Excerpted records:

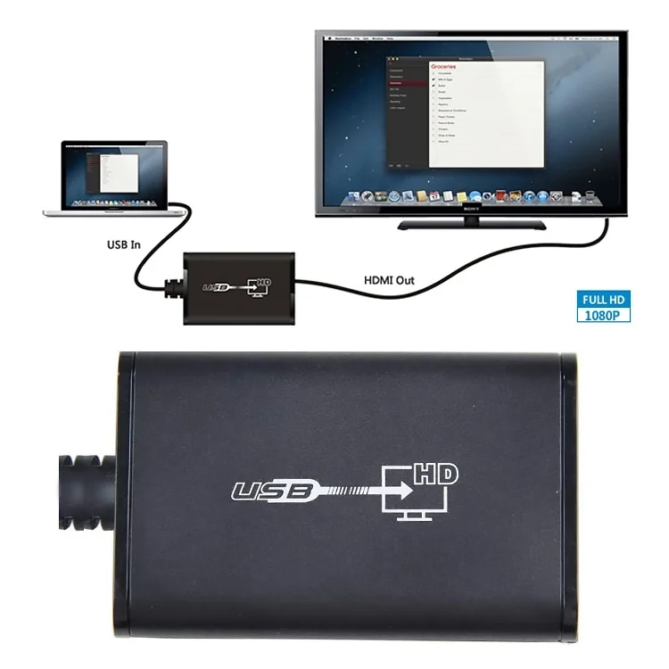 1) This USB to HDMI Converter provides the versatility of converting any standard USB 2.0 port to a HDMI output connection. This unit will enable virtually any PC or Mac to connect to a High Definition Display (HD TV or Projector etc.) via a standard HDMI Cable
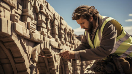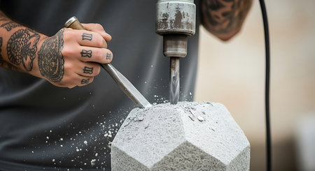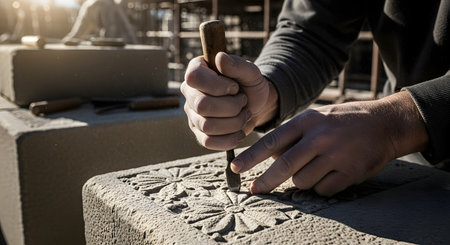 A close-up of a stonemason's hands using a chisel and mallet to skillfully carve an intricate floral pattern into a large block of stone. Dust flies as the craftsman meticulously works, showcasing traditional techniques and artistry. This image embodies skill, craftsmanship, and heritage.
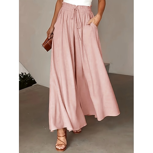 Per donna Gamba larga Chinos Pantaloni Eleganti Vacanza Vintage Streetwear Lunghezza intera Naturale Tinta unica Semplice Elastico in vita Stampato Comodo All'aperto Confortevole Inelastico
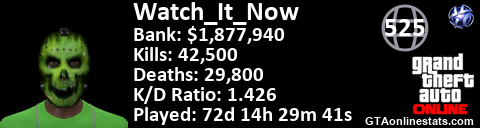 [URL=http://GTAonlinestats.com/showplayer/Watch_It_Now][IMG]http://GTAonlinestats.com/signature/Watch_It_Now/sig.png[/IMG][/URL]
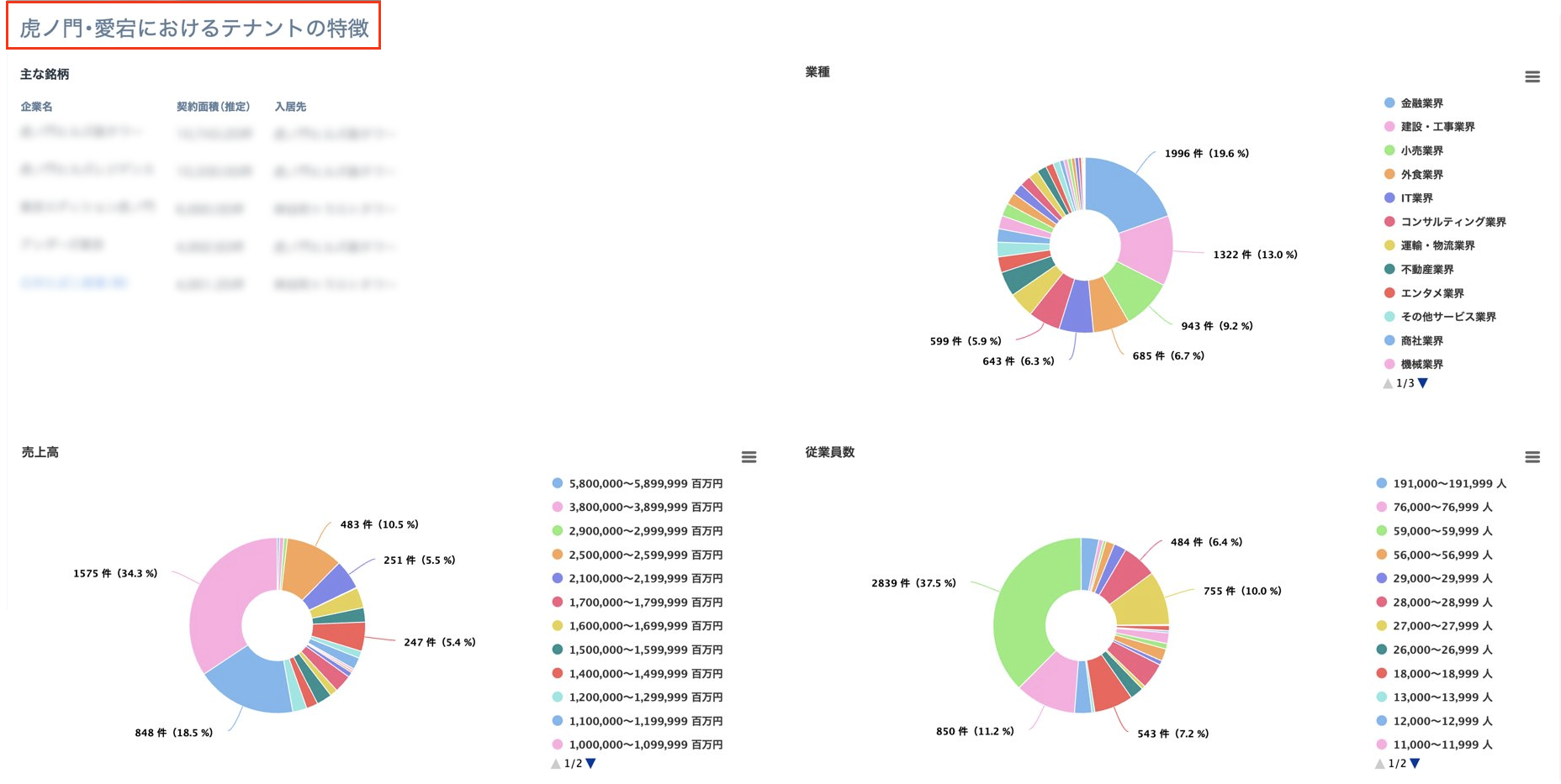 周辺動向を調査する際、指定したエリアに入居するテナント企業の業種や売上高などを簡単に確認することが可能になりました。リーシング時のテナント誘致に役立てていただけます。

Task prompt:
Leaving the pictures aside, write out the entries above exactly.

Written reply:
 1) This USB to HDMI Converter provides the versatility of converting any standard USB 2.0 port to a HDMI output connection. This unit will enable virtually any PC or Mac to connect to a High Definition Display (HD TV or Projector etc.) via a standard HDMI Cable
 A close-up of a stonemason's hands using a chisel and mallet to skillfully carve an intricate floral pattern into a large block of stone. Dust flies as the craftsman meticulously works, showcasing traditional techniques and artistry. This image embodies skill, craftsmanship, and heritage.
 Per donna Gamba larga Chinos Pantaloni Eleganti Vacanza Vintage Streetwear Lunghezza intera Naturale Tinta unica Semplice Elastico in vita Stampato Comodo All'aperto Confortevole Inelastico
 [URL=http://GTAonlinestats.com/showplayer/Watch_It_Now][IMG]http://GTAonlinestats.com/signature/Watch_It_Now/sig.png[/IMG][/URL]
 周辺動向を調査する際、指定したエリアに入居するテナント企業の業種や売上高などを簡単に確認することが可能になりました。リーシング時のテナント誘致に役立てていただけます。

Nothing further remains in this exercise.